** Exercise aim **
Pictures in the records below must be left out. Return exactly the lines from the line with "木理 陽波瑠さんの総格は50画の2点!" to the line with "O Evento surgiu", both included.

** Dataset records **
——
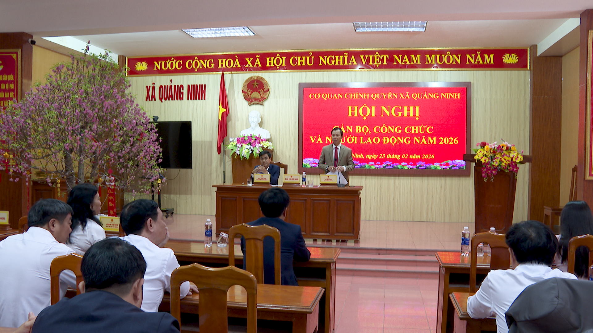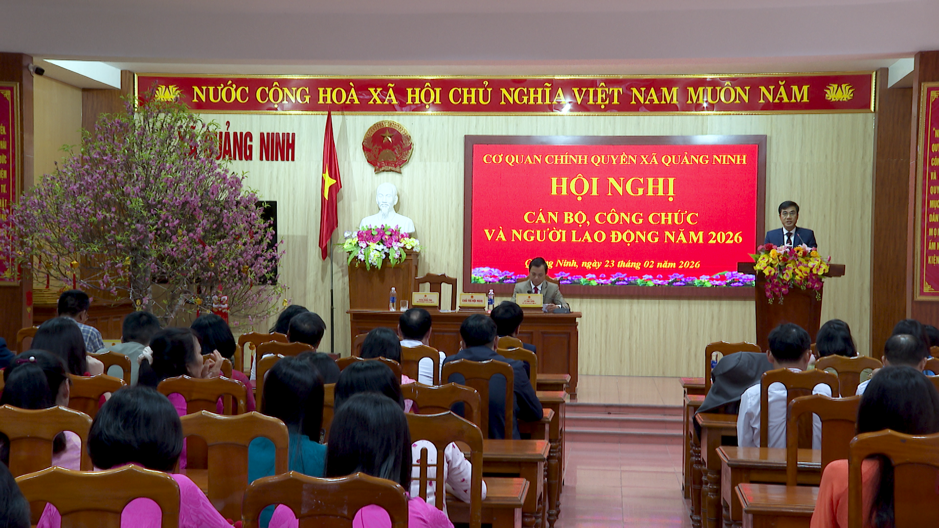 Chiều 23/2/2026, Cơ quan Chính quyền xã Quảng Ninh tổ chức hội nghị cán bộ, công chức, người lao động năm 2026. Đồng chí Trần Xuân Tình, Phó Bí thư Đảng ủy, Chủ tịch UBND xã, Bí thư Đảng ủy UBND xã, Thủ trưởng cơ quan chính quyền và đồng chí Lê Anh Tuấn, Ủy viên Ban Thường vụ Đảng ủy, Phó Chủ tịch Thường trực UBND xã; Phó Bí thư Đảng ủy UBND xã chủ trì hội nghị.
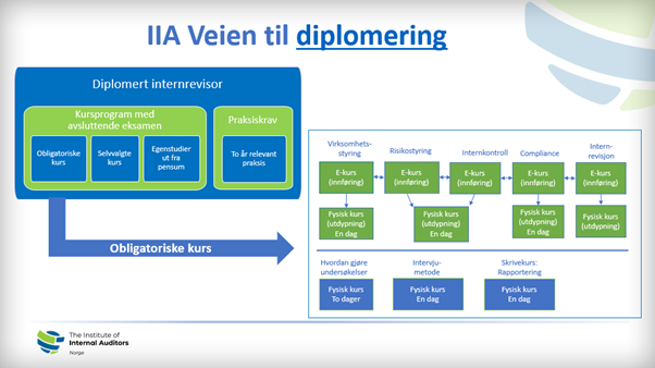 Opplæringsopplegget som nå utarbeides vil bestå av ulike moduler, noen obligatoriske og noen valgfrie. Deler av opplegget vil bli tilbudt som e-læring, mens andre deler tilbys som fysiske kurs. Opplæringen avsluttes med en eksamen som gjennomføres digitalt i form av ‘multiple choice’-oppgaver. IIA-veien vil ikke gi studiepoeng slik som BI-studiet, men 120 CPE-poeng. På samme måte som for BI-studiet kreves det to års relevant praksis for tildeling av tittelen diplomert internrevisor.
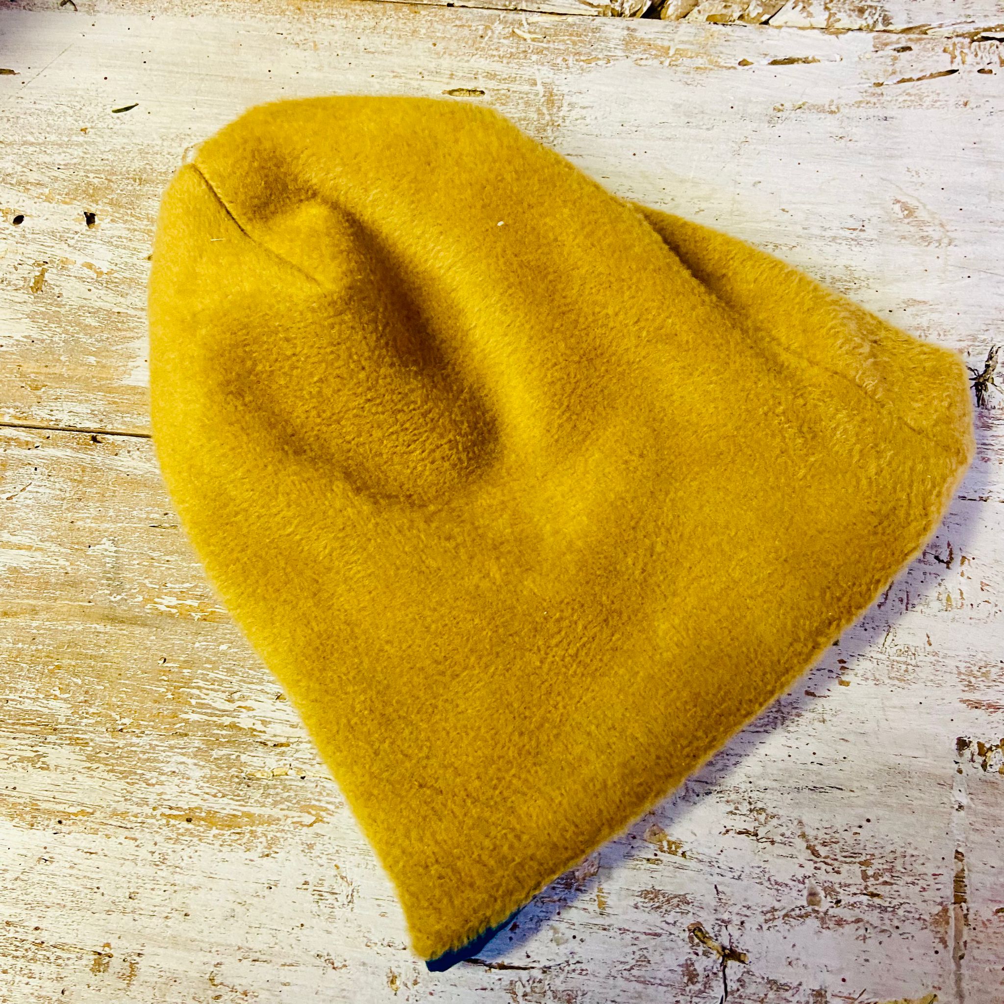 Esterno in Jersey 95% cotone e 5% elastan. Interno composto da 80% cotone e 20% poliestere pile in colore senape.
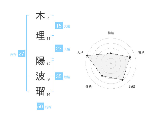 木理 陽波瑠さんの総格は50画の2点!
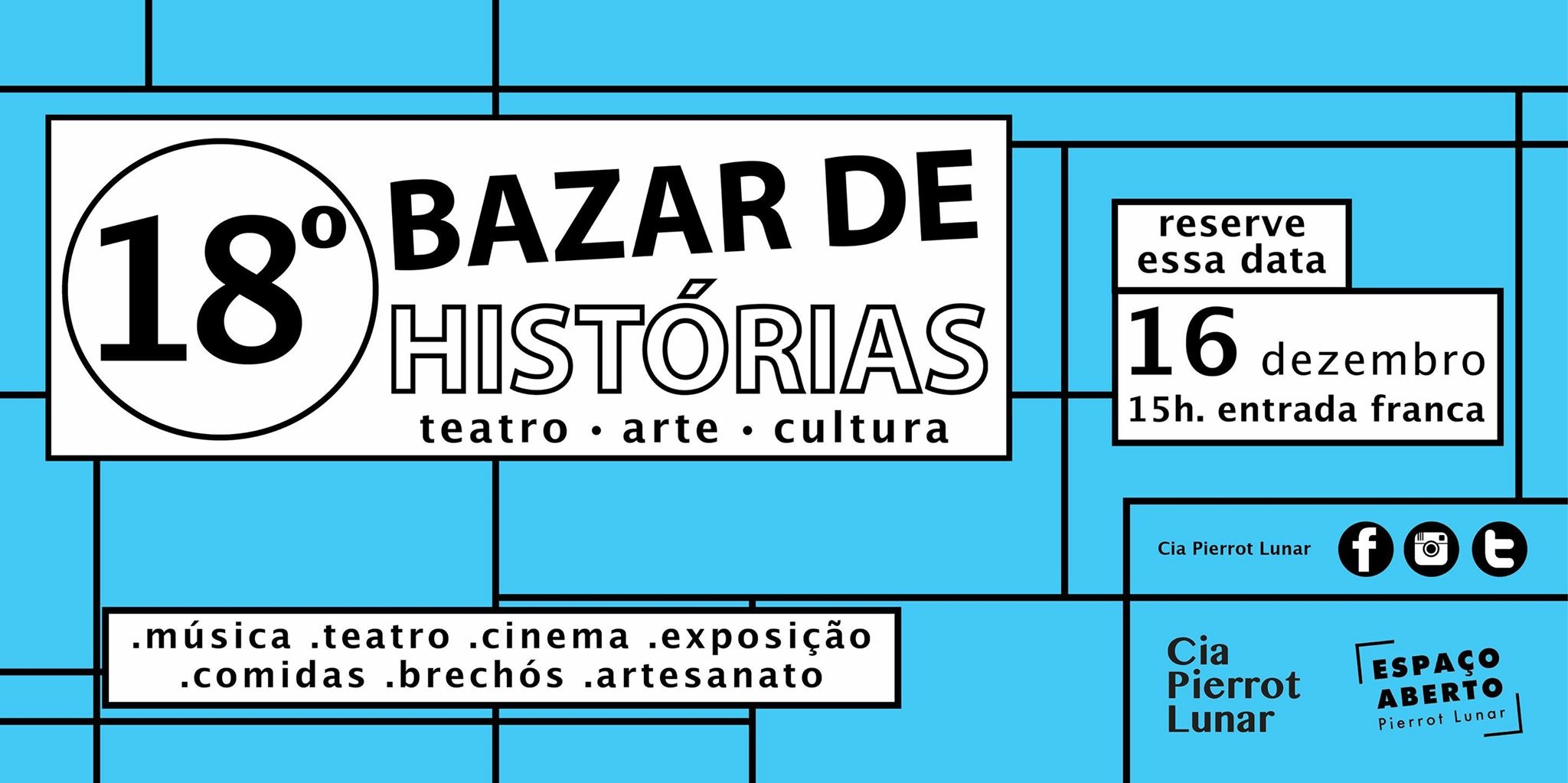 O Evento surgiu em 2008, como parte das reflexões da Cia Pierrout Lunar sobre a compreensão do público, o resultado deu-se no Bazar de Histórias, um evento aberto ao público e aos artistas da cidade, com entrada franca que abraça gastronomia, quitutes, brechó, artesanato e apresentações artísticas. Ao desconstruir as fronteiras entre arte e cotidiano, artista e espectador, o Bazar revelou-se em tradição e acontece há quase 10 anos, por aliar entretenimento e arte.
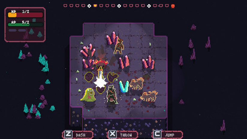 从一个方格跳到另一个方格,对周围的敌人造成眩晕效果。如果有你的剑,或者只有在你没有剑的情况下推动他们。
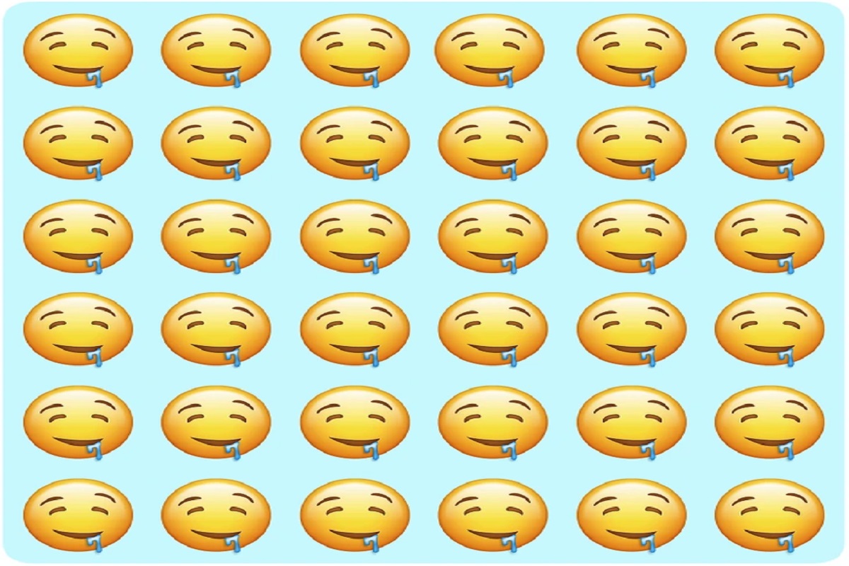 Prepare-se para um novo desafio visual que vai avaliar sua atenção. A imagem deste desafio visual exibe vários emojis com baba alinhados em padrão sobre fundo azul-claro. Apenas um emoji destoa dos demais. O seu desafio será encontrar o emoji fora do padrão em até 20 segundos.
——
** Answer space **
 木理 陽波瑠さんの総格は50画の2点!
 O Evento surgiu em 2008, como parte das reflexões da Cia Pierrout Lunar sobre a compreensão do público, o resultado deu-se no Bazar de Histórias, um evento aberto ao público e aos artistas da cidade, com entrada franca que abraça gastronomia, quitutes, brechó, artesanato e apresentações artísticas. Ao desconstruir as fronteiras entre arte e cotidiano, artista e espectador, o Bazar revelou-se em tradição e acontece há quase 10 anos, por aliar entretenimento e arte.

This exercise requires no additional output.